The other API that researchers routinely use when collecting Twitter data is the Streaming API. As you now know, the Streaming API is rather different than the REST API. Unlike the REST API (which *pulls* data from Twitter), the Streaming API recieves data that is *pushed* from Twitter in real time. This requires defining a special listener class. The code block below defines the `MyStreamListener` class discussed in the assigned reading. Once you execute that code cell, you are ready to start recieving real time streaming data from Twitter. The listener will append new tweet data to a csv file called `streaming_tweet_data.csv`, which is stored in the `output` directory. 

In [None]:
SEP = ';'
csv = open('output/streaming_tweet_data.csv', 'a')
csv.write('Date' + SEP + 'Tweet' + SEP + 'Number of Followers' + SEP + 'Number of Friends' + SEP + 'Handle' + '\n')

class MyStreamListener(tweepy.StreamListener):
    def on_status(self, status):
        if hasattr(status, 'retweeted_status'):
            try:
                tweet = status.retweeted_status.extended_tweet["full_text"]
            except:
                tweet = status.retweeted_status.text
        else:
            try:
                tweet = status.extended_tweet["full_text"]
            except AttributeError:
                tweet = status.text
        
        date = status.created_at.strftime("%Y-%m-%d-%H:%M:%S")
        follower = str(status.user.followers_count)
        friend = str(status.user.friends_count)
        name = status.user.screen_name
        
        csv.write(date + SEP + tweet.strip().replace("\n","").replace('\r','').replace(';',',') + SEP + follower + SEP + friend + SEP + name + '\n')

To start streaming data, we have to initialize the class object and then provide some sort of search filter. In this case, we will stream tweets about Brexit. Remember, these tweets will *not* print to screen. They will be written to the `streaming_tweet_data.csv` file. 

I suggest you run the two cells below and then walk away for 5 minutes or so. Come back, **'interrupt' the Python kernel** (you can do this by pressing the square stop button in the Jupyter toolbar), and check the content of the `csv` file.

In [None]:
myStreamListener = MyStreamListener()
myStream = tweepy.Stream(auth = api.auth, listener=myStreamListener)

In [None]:
myStream.filter(track=['brexit'])

When you are ready to stop streaming data, you will have to 'interrupt' the Python kernel. Otherwise, it will keep collecting data from Twitter until the connection is somehow severed. You can do this by clicking the square black button at the top of your Jupyter Notebook, or by selecting 'Interrupt' from the Kernel menu at the top of the notebook. 

> **Important note!** You may get a `TweepError: Stream object already connected!` error when executing this part of the notebook. This is because Twitter will only allow one connection to the Streaming API at a time. If you get that error, then you should select "Restart & Clear Output" from the Kernel menu at the top of the notebook. You will need to re-import the packages and re-authenticate with Twitter by executing those cells at the top of the notebook. Then you can stream new data. Just don't connect the previous streaming object in the new session! 

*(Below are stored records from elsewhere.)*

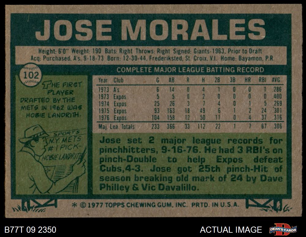 1977 Topps #102 Jose Morales 4 - VG/EX
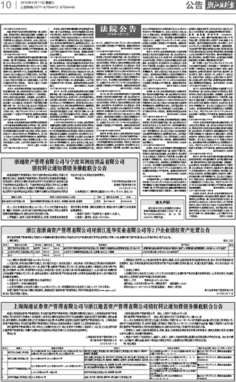 浙越资产管理有限公司与宁波双洲纺织品有限公司 债权转让通知暨债务催收联合公告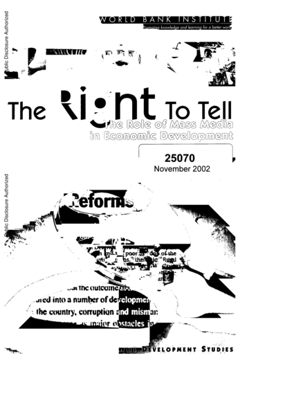 This book cites many examples that demonstrate the value of information provided by the media. Alexander Dyck and Luigi Zingales (chapter 7) discuss how the media can pressure corporate managers and directors to behave in ways that are socially acceptable, thereby avoiding actions that will result in censure and consumer boycotts. They also report that in Malaysia, a recent survey of institutional investors and equity analysts asked which factors were most important to them in considering corporate governance and the decision to invest in publicly listed corporations. Those surveyed gave more importance to the frequency and nature of public and press comments about companies than to a host of other factors considered key in the academic debate. However, the dissemination of credible information in a timely manner depends critically on how the media business is managed and regulated. The chapters in this book document evidence on media performance and regulations in countries around the world and highlight what type of public policies and economic conditions might hinder the media in supporting economic development in poor countries." (Pages 1-2)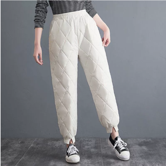 These quilted pants feature a diamond-stitched pattern that adds visual structure while keeping the silhouette soft and relaxed. The elastic waistband offers an easy, comfortable fit, and the gently tapered legs create a balanced line that gathers neatly at the cuffs. Their smooth, padded appearance makes them ideal for cool-weather layering without adding unnecessary bulk. Perfect for winter routines, they deliver a composed blend of warmth and everyday simplicity.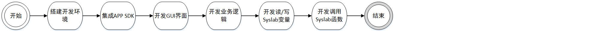 - 用户在 APP 的图形界面操作,以获取 Syslab 变量列表为例,APP 调用 APP SDK 的获取变量列表 API:MwGetVariables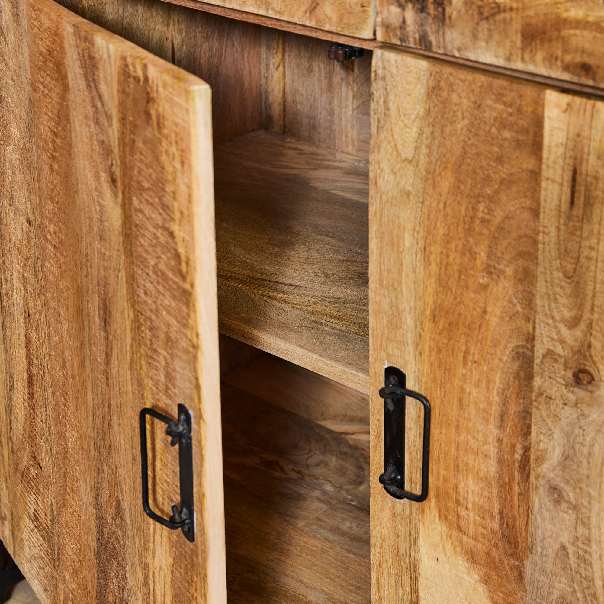 Vitrinekast Boaz is uitgevoerd in het mangohout. Het metalen frame en de metalen handgrepen zijn afgewerkt met een zwarte lak. Dit model is voorzien van twee lades en vier deuren. Achter de deuren zitten handige legplanken. De vitrinekast is ingelegd met verschillende stroken gelakt hout, waar het meubel zijn eigentijdse karakter aan te danken heeft.
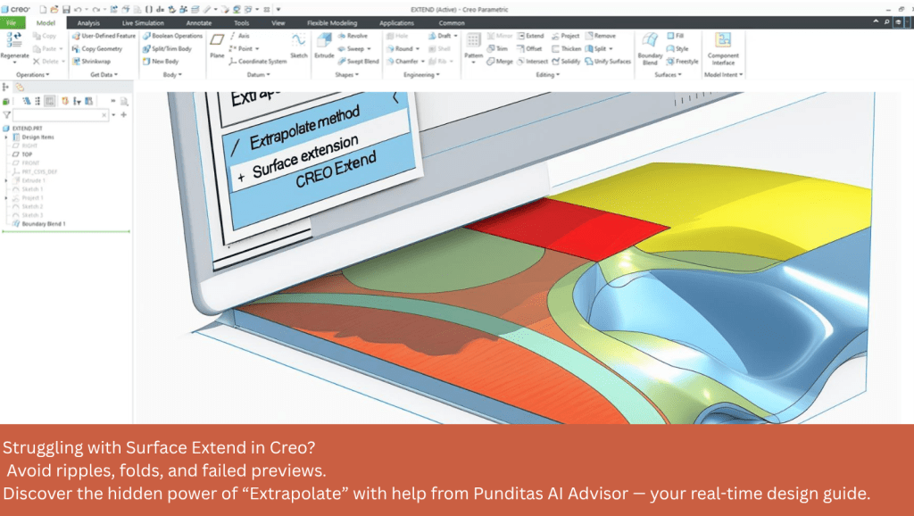 And in Creo, a powerful enhancement has been quietly added to the Extend feature: the “Extrapolate” method. But chances are, you’ve either missed it, or don’t quite know when to use it. That’s where Punditas AI Advisor changes the game.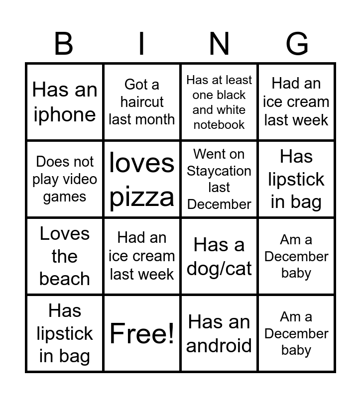 This bingo card has 31 words: Loves to cook/bake, Is an only child, Am a December baby, Wears glasses, Has an iphone, Has at least one black and white notebook, Went on Staycation last December, Got a haircut last month, Free!, loves pizza, Has an android, Has lipstick in bag, Has a cat, Is wearing Nikes, Had an ice cream last week, Has a dog, Loves to cook/bake, Is an only child, Am a December baby, Wears glasses, Does not play video games, Likes to sing, Has an iphone, Got a haircut last month, Loves the beach, loves pizza, Had an ice cream last week, Has a dog/cat, Is wearing sport shoes, Has lipstick in bag and FREE!.

There are, of course, more sophisticated ways of doing this. [Ted Chen](https://tedhchen.com/), for example, has developed [a set of Python tools for working with the Streaming API](https://github.com/tedhchen/twitter_streaming_tools) that are very well-suited to large-scale empirical research projects. This level of depth is outside of the scope of this class, but (1) you can learn a lot from studying repos like Ted's, and (2) you can learn more from *Doing Computational Social Science* and other texts that cover APIs for social scientific research. 

<a id='key_points'></a>
## Key Points   
You should now know: 
* The differences between working with an API directly and a API client.
* The risks associated with sharing API tokens & a method for keeping them out of python scripts. 
* How to save request results to a file & the importance of doing so. 
* Why its important to abide by rate limits. 
* How to install python packages using `pip`.
* How to automate API requests using loops.